In a binary eutectic phase diagram (e.g., Pb-Sn), a liquid of eutectic composition is cooled slowly through the eutectic temperature. What microstructure forms, and why is it different from cooling a liquid of off-eutectic composition?
Think about your answer, then reveal below.
Model answer: At the eutectic composition, the liquid transforms simultaneously into two solid phases (alpha + beta) at a single temperature, producing a fine-grained lamellar or rod-like microstructure where the two phases alternate on a micrometer scale. This occurs because both solids must nucleate and grow cooperatively from the liquid at the invariant eutectic temperature. An off-eutectic (hypoeutectic or hypereutectic) composition first precipitates primary crystals of one phase as it cools through the liquidus, forming large primary grains. The remaining liquid enriches toward the eutectic composition, and when it reaches the eutectic temperature, the residual liquid undergoes the eutectic transformation, producing a fine lamellar mixture surrounding the primary grains. The result is a two-scale microstructure: coarse primary phase plus fine eutectic colonies.

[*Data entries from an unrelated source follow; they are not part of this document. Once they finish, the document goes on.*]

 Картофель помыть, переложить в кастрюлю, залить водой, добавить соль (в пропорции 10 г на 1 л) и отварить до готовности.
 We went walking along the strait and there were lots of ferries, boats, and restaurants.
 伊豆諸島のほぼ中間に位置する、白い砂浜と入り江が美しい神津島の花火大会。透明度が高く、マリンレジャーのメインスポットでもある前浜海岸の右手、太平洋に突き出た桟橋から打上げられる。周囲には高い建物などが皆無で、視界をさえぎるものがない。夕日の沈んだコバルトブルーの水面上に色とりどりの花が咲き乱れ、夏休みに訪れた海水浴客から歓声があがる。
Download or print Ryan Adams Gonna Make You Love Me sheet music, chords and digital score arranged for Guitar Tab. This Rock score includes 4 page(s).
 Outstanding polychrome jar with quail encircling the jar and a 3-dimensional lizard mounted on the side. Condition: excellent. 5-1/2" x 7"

The eutectic microstructure is technologically important because the fine interphase spacing provides good mechanical properties (Hall-Petch strengthening from closely spaced phase boundaries) and the eutectic composition has the lowest melting point in the system, making it useful for solders, brazing alloys, and casting. The Pb-Sn eutectic (63Sn-37Pb, mp 183C) was the basis of electronics soldering for decades before lead-free regulations.
Question 2 True / False
The lever rule states that in a two-phase region of a binary phase diagram, the fraction of phase alpha equals (C_beta - C_0) / (C_beta - C_alpha), where C_0 is the overall composition and C_alpha and C_beta are the compositions of the two phases. This rule is derived from conservation of mass.
TTrue
FFalse
Answer: True
The lever rule is simply a mass balance. If a system of overall composition C_0 splits into two phases with compositions C_alpha and C_beta, then f_alpha * C_alpha + f_beta * C_beta = C_0, where f_alpha + f_beta = 1. Solving gives the lever rule. The name comes from the analogy to a mechanical lever: the fulcrum is at C_0, and the 'arms' are the distances to C_alpha and C_beta. The fraction of each phase is inversely proportional to its distance from C_0, just as weights on a balanced lever are inversely proportional to their arm lengths.

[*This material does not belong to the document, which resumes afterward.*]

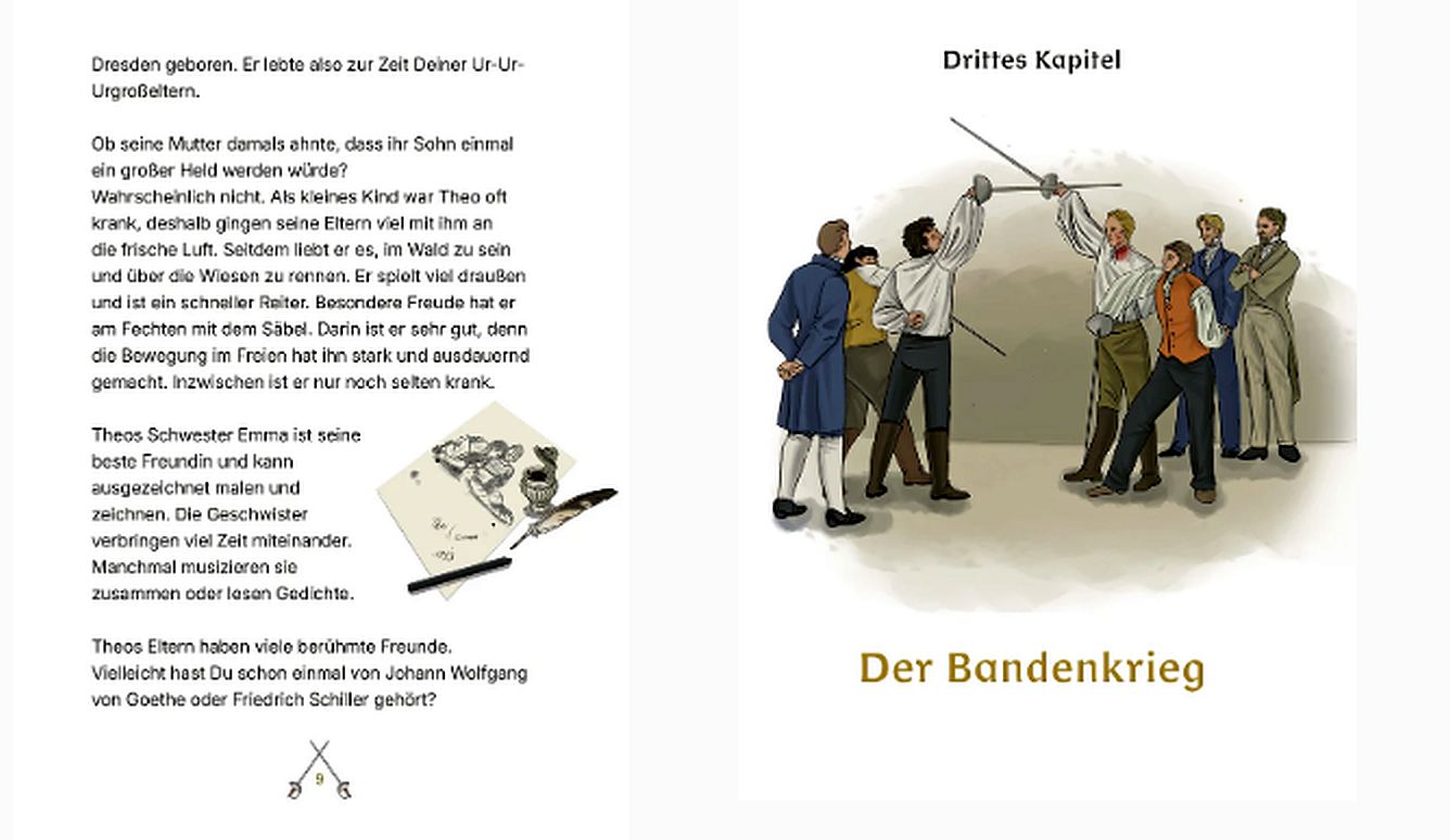 Die drei Guten, Mutigen und Aufrechten, deren Geschichten kindgerecht nacherzählt und wunderbar illustriert werden, sind: Arminius, der Befreier Germaniens, Theodor Körner, der Dichter und Held der Befreiungskriege, sowie Gottfried von Bouillon, der tapfere Kreuzritter und Beschützer des Heiligen Grabes – eine der prägendsten und wichtigsten Gestalten des Mittelalters.

Question 3 Multiple Choice
Spinodal decomposition and nucleation-and-growth are both mechanisms for phase separation in a miscibility gap. What is the fundamental thermodynamic difference between them?

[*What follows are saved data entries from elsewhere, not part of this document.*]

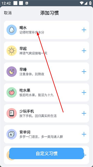 3、進(jìn)入添加習(xí)慣頁(yè)面,選擇一個(gè)想要添加的習(xí)慣。
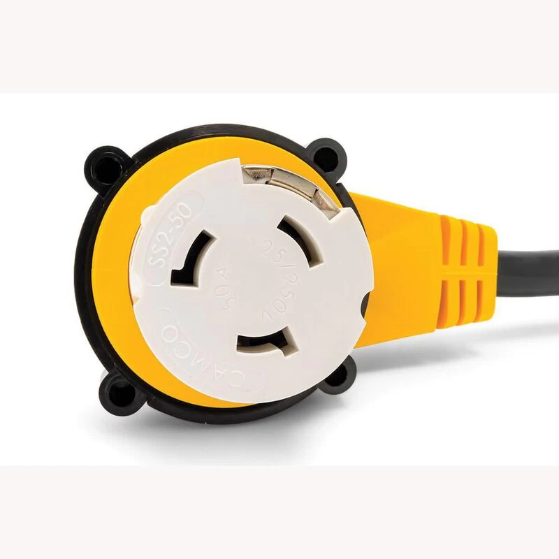 The 90-degree outlet connection reduces strain on the cord and allows for easier connection in tight places. The patented Power Grip handle design provides a solid grip, making for a hassle-free connection.
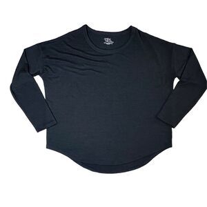 Time & Tru Black & Navy Lightweight Sweater-like Fabric LS Shirts(2) sz LARGE Casual Normcore. Super cozy and soft to the touch lightweight Knit. 48% Rayon 48% Polyester 4% Spandex. Machine washable. Item in excellent New no tags condition. No known rips, tears, holes, stains or defects.
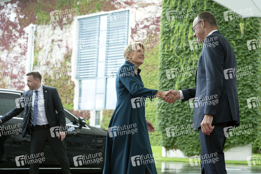 Karin Keller-Sutter und Friedrich Merz beim Empfang der Bundespräsidentin der Schweiz mit militärischen Ehren zu einem gemeinsamen Gespräch mit anschließendem Pressestatement im Bundeskanzleramt. Berlin, 02.09.2025

ASpinodal decomposition requires higher temperatures than nucleation-and-growth
BInside the spinodal (where d2G/dC2 < 0), the system is unstable to infinitesimal composition fluctuations — no nucleation barrier exists, and the system spontaneously unmixes by uphill diffusion. Between the spinodal and the binodal, the system is metastable — small fluctuations increase free energy, so decomposition requires nucleation over an energy barrier
CSpinodal decomposition produces large precipitates while nucleation produces fine-scale structures
DNucleation-and-growth only occurs in metallic systems while spinodal decomposition only occurs in ceramics
The distinction is thermodynamic stability vs. instability. In the metastable region (between binodal and spinodal curves), the free energy curve is concave up (d2G/dC2 > 0), so small composition fluctuations increase the free energy. Phase separation requires forming a nucleus large enough that the volume free energy gain exceeds the interfacial energy cost. Inside the spinodal (d2G/dC2 < 0), ANY fluctuation lowers the free energy, so the system decomposes spontaneously without nucleation. This produces a characteristic interconnected, wavelike microstructure rather than discrete precipitates. Spinodal decomposition is exploited in some glass-ceramics (e.g., Vycor) and in spinodal-hardened Cu-Ni-Sn alloys.